How can you ensure data protection and security during collection, storage, and transfer?
Data collection may consist of the re-use of existing data and/or the generation of new data.
For data to be considered valid and reliable, data collection should occur consistently and systematically throughout the course of the research project. Within disciplines, there are established methodologies, procedures and techniques that help researchers ensure high quality of collected data. In general, important aspects of data collection include:
- Standardisation: codebooks & protocols
- Structure / organisation of the data
- Data quality assurance methods
- Documentation & metadata
- Storage & protection
Systematic data collection is essential for ensuring the reproducibility of research. When data is collected in a consistent and organized manner, it improves the quality and reliability of the research, making the data easier to share and reproduce by others. High-quality data also contributes to making data FAIR (Findable, Accessible, Interoperable, and Reusable), as well-organized and well-documented data is more likely to be reused effectively. The principles of making data FAIR are discussed in detail under the topic FAIR Principles.
Data Collection Tools
The tools being used in research to collect data are immensely diverse. For that reason, we will not provide an exhaustive overview here. What is important for data collection tools in relation to RDM is where such tools store the data that you collect and in which format. The storage location is particularly important when you are working with personal data. For example, the privacy legislation in the United States is very different from the European General Data Protection Regulation (GDPR). Hence, personal data collected in a Dutch research institute may not be stored on American servers. It is important to keep that in mind when you are contemplating which tool to use for your data collection.
If you are collecting personal data and you decide to use a tool for which no contract exists between VU Amsterdam and the provider of the software or tool, a service agreement and a processing agreement must be drawn up. Contact the 🔒 privacy champion of your faculty for more information and a model processing agreement.
Questionnaire tools
The Faculty of Behavioural and Movement Sciences has developed a document with tips for safe use of the questionnaire tools Qualtrics and Survalyzer. The document was made for FGB researchers specifically but can also be helpful for others. Consult this document if you need a questionnaire tool to collect your data.

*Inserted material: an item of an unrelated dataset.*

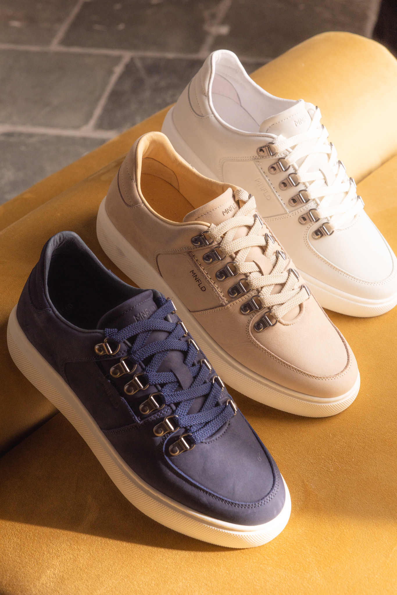In de nieuwe collectie sneakers van Manfield zie je vooral veel minimalistische sneakers terug. De gympen zijn gemaakt van de materialen leer, nubuck en suéde. Zwart, bruin, grijs, wit, donkergroen en blauw zijn kleuren die je vaak terug ziet komen in de nieuwe collectie sneakers van Manfield. Dit zijn kleuren die je moeiteloos met al je favoriete outfits kan combineren! Heren sneakers zijn afgeleid van sportschoenen en daarom is een hoog loopcomfort essentieel bij deze schoenen. Naast een heerlijk voetbed is de zool voorzien van een fijne demping, ideaal wanneer je veel moet lopen tijdens een wandeling of een citytrip. Ben je op zoek naar dé ultieme heren sneakers waar je uren op kan lopen? Bekijk dan de collectie van het merk No Stress eens. Het voetbed van de No Stress sneakers zijn voorzien van memory foam, wat zorgt voor een erg hoog draagcomfort.

Data Collection in Collaboration
Some research projects involve the participation of multiple organisations or institutes and may include even cross-border co-operation. When data is collected by several organisations, a Data Management Plan should provide information on who is responsible for which part of the data collection and storage. It should also provide information on how specific data collections are related to which part(s) of the research goal(s). Describing this precisely will help you to determine if a consortium agreement or joint controller agreement is necessary. You see a general example of such a specification in the table below:
Data Stage | Dataset description | Responsible organization for collection | Data origin | Data purpose |
---|---|---|---|---|
Raw data | Community level surveys | Vrije Universiteit Amsterdam | Amsterdam, The Hague, Rotterdam | Identifying perceived problems, System responsiveness |
Raw data | Trials & Focus Group Interviews | London School of Hygiene and Tropical Medicine (LSHTM) | Germany, Switzerland | Trials to evaluate programs on . . ., Focus Group interviews to identify barriers to . . . |
Raw data | Pollution measurements using fish | Oceanographic Institute of Sweden | Coastal waters, Northeast Spain | Establish pollution levels of plastic |
Data Collection Protocols
Regardless of the field of study or preference for defining data (quantitative, qualitative), accurate data collection is essential to maintaining the integrity (structure) of research. Both the selection of appropriate data collection instruments (existing, modified, or newly developed) and clearly delineated instructions for their correct use reduce the likelihood of errors.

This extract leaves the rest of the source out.